▶ **DATA BLOCK**
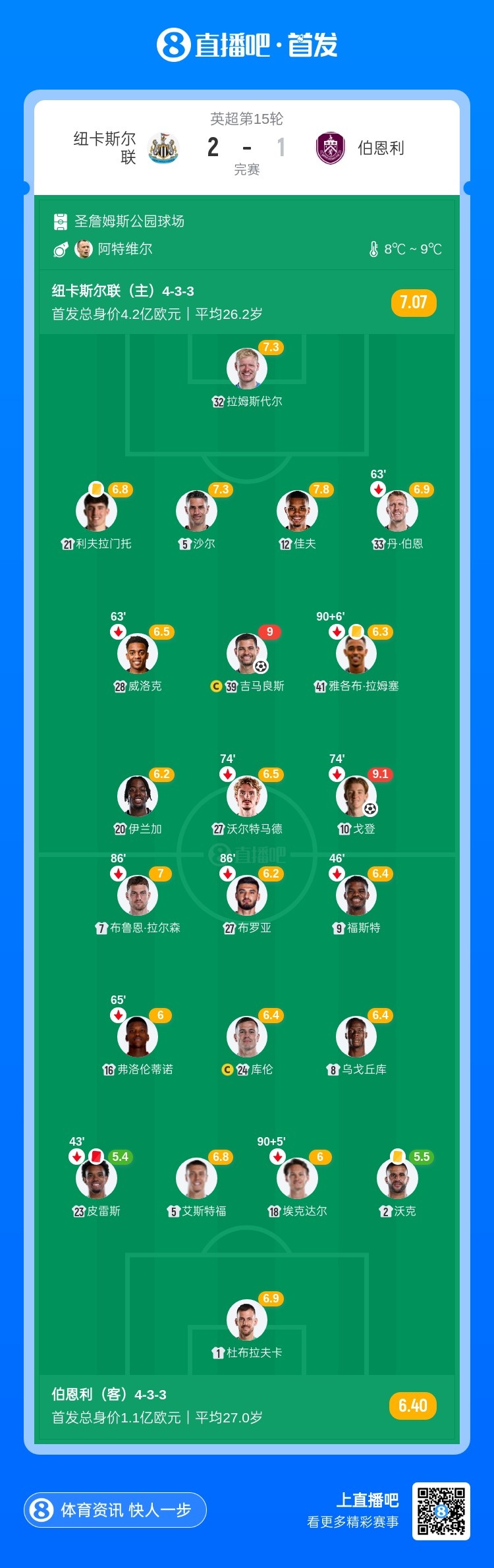4轮不败!纽卡2-1十人伯恩利 吉马良斯角球直接破门伊兰加造红牌
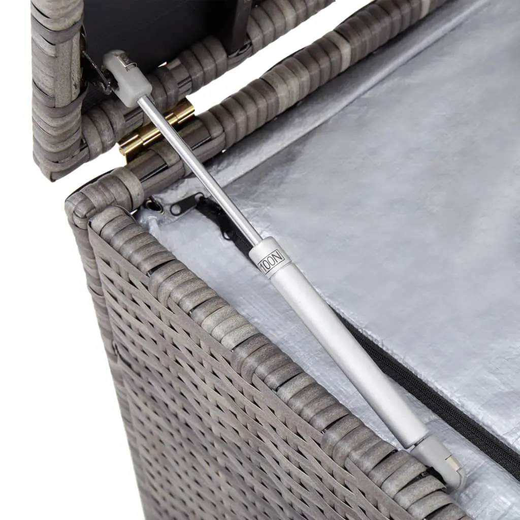 This water-resistant PE rattan garden storage chest will be ideal for storing blankets, pillows, cushions, toys, books and other items lying around in the garden or on the patio. This storage chest has a water-resistant lining, which makes it an ideal storage solution for your garden furniture cushions and all manner of other objects. Thanks to the weather- and water-resistant PE rattan, the storage box is easy to clean, hard-wearing and suitable for daily outdoor use. The chest has a sturdy, powder-coated steel frame, which is highly durable. The water-resistant, polyester lining will protect the contents from moisture.
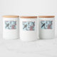 Ce étiquette à l'usage pour un pot de nourriture a un oiseau noir assis dans un cerisier avec des cerises rouges et de jolies fleurs de cerisier rose sur un arrière - plan bleu clair. Customisez votre texte avec le modèle.
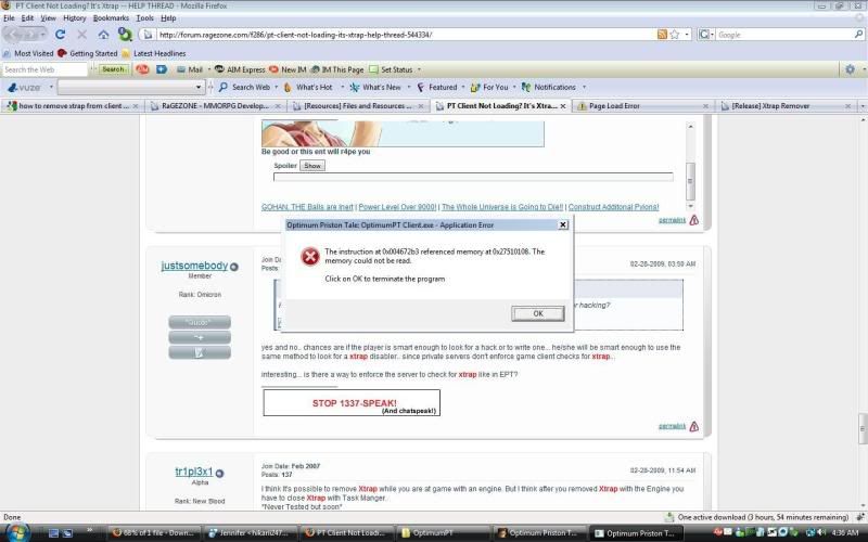 With that being said, I don't think it relates to bad ram either. Did this randomly start occurring for you? If so, do some virus scans ASAP and a Windows update. I recommend downloading a trial of Kaspersky and doing a system scan. There *WILL* be false positives related to Priston Tale files -- that I can guarantee. They're commonly seen with NOD32 too and Avira detects some false positives as well. Still, don't let that make you think that all PT-related detections are false positives.

▶ **GOAL OF THE EXERCISE**
Your answer should be the exact lines above from the one containing "This water-resistant PE" through the one containing "Ce étiquette à", with both end lines kept and the pictures removed, please.

▶ **SOLUTION**
 This water-resistant PE rattan garden storage chest will be ideal for storing blankets, pillows, cushions, toys, books and other items lying around in the garden or on the patio. This storage chest has a water-resistant lining, which makes it an ideal storage solution for your garden furniture cushions and all manner of other objects. Thanks to the weather- and water-resistant PE rattan, the storage box is easy to clean, hard-wearing and suitable for daily outdoor use. The chest has a sturdy, powder-coated steel frame, which is highly durable. The water-resistant, polyester lining will protect the contents from moisture.
 Ce étiquette à l'usage pour un pot de nourriture a un oiseau noir assis dans un cerisier avec des cerises rouges et de jolies fleurs de cerisier rose sur un arrière - plan bleu clair. Customisez votre texte avec le modèle.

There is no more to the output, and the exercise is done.